Dataset extract:
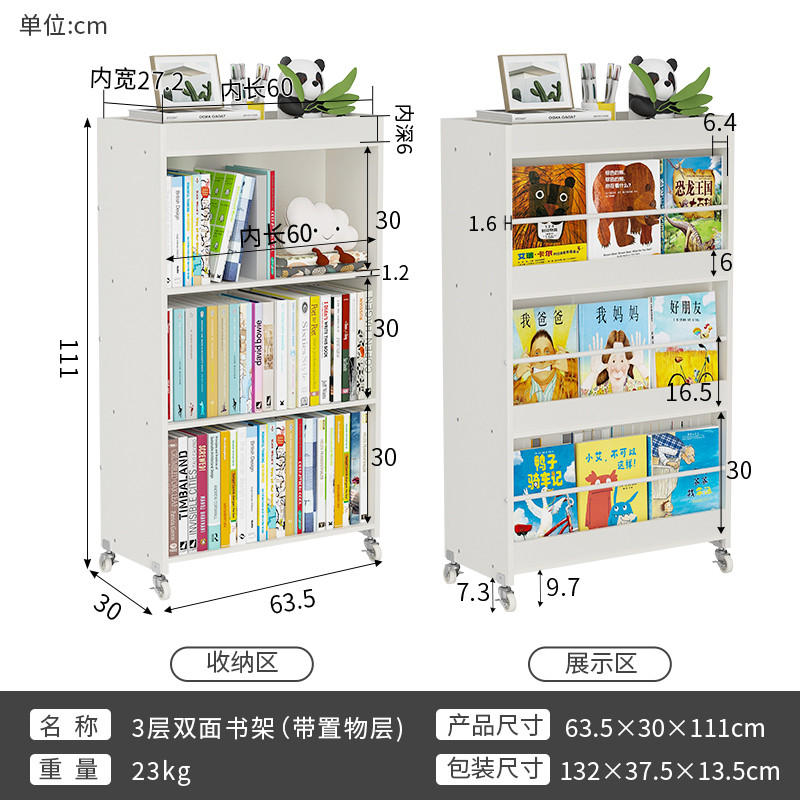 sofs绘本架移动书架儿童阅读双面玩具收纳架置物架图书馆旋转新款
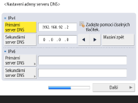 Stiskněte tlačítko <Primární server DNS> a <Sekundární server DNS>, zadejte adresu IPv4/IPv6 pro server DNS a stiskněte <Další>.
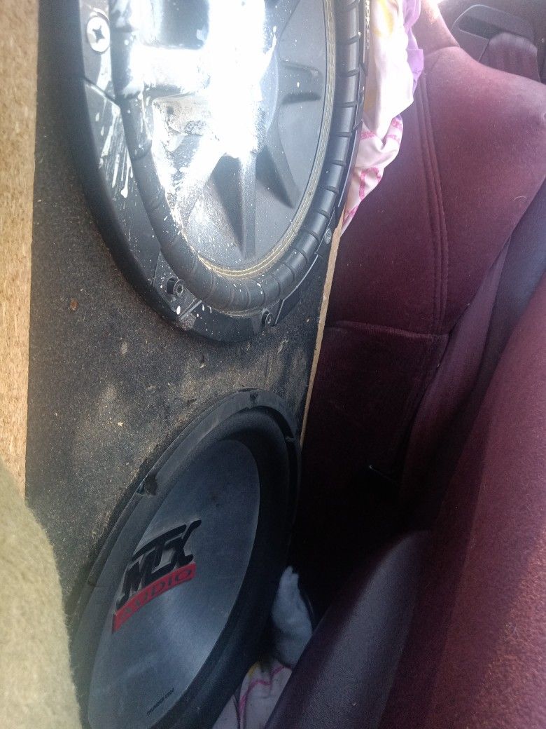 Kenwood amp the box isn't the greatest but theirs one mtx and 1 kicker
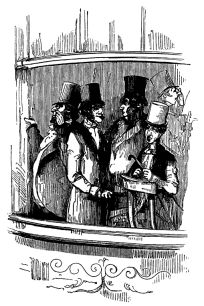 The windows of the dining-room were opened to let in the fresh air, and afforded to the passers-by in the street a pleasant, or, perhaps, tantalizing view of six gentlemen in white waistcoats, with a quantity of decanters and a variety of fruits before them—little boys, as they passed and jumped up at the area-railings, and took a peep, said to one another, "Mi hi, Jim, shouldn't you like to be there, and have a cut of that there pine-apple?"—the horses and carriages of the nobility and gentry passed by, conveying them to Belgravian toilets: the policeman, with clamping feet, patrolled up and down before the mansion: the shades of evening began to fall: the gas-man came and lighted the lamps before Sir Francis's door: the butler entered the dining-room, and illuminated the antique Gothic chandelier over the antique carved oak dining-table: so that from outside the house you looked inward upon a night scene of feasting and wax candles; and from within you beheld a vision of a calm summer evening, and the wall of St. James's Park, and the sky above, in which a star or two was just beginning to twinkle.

Activity: An exact transcription of the material is required, without any pictures.

Response to the exercise:
 sofs绘本架移动书架儿童阅读双面玩具收纳架置物架图书馆旋转新款
 Stiskněte tlačítko <Primární server DNS> a <Sekundární server DNS>, zadejte adresu IPv4/IPv6 pro server DNS a stiskněte <Další>.
 Kenwood amp the box isn't the greatest but theirs one mtx and 1 kicker
 The windows of the dining-room were opened to let in the fresh air, and afforded to the passers-by in the street a pleasant, or, perhaps, tantalizing view of six gentlemen in white waistcoats, with a quantity of decanters and a variety of fruits before them—little boys, as they passed and jumped up at the area-railings, and took a peep, said to one another, "Mi hi, Jim, shouldn't you like to be there, and have a cut of that there pine-apple?"—the horses and carriages of the nobility and gentry passed by, conveying them to Belgravian toilets: the policeman, with clamping feet, patrolled up and down before the mansion: the shades of evening began to fall: the gas-man came and lighted the lamps before Sir Francis's door: the butler entered the dining-room, and illuminated the antique Gothic chandelier over the antique carved oak dining-table: so that from outside the house you looked inward upon a night scene of feasting and wax candles; and from within you beheld a vision of a calm summer evening, and the wall of St. James's Park, and the sky above, in which a star or two was just beginning to twinkle.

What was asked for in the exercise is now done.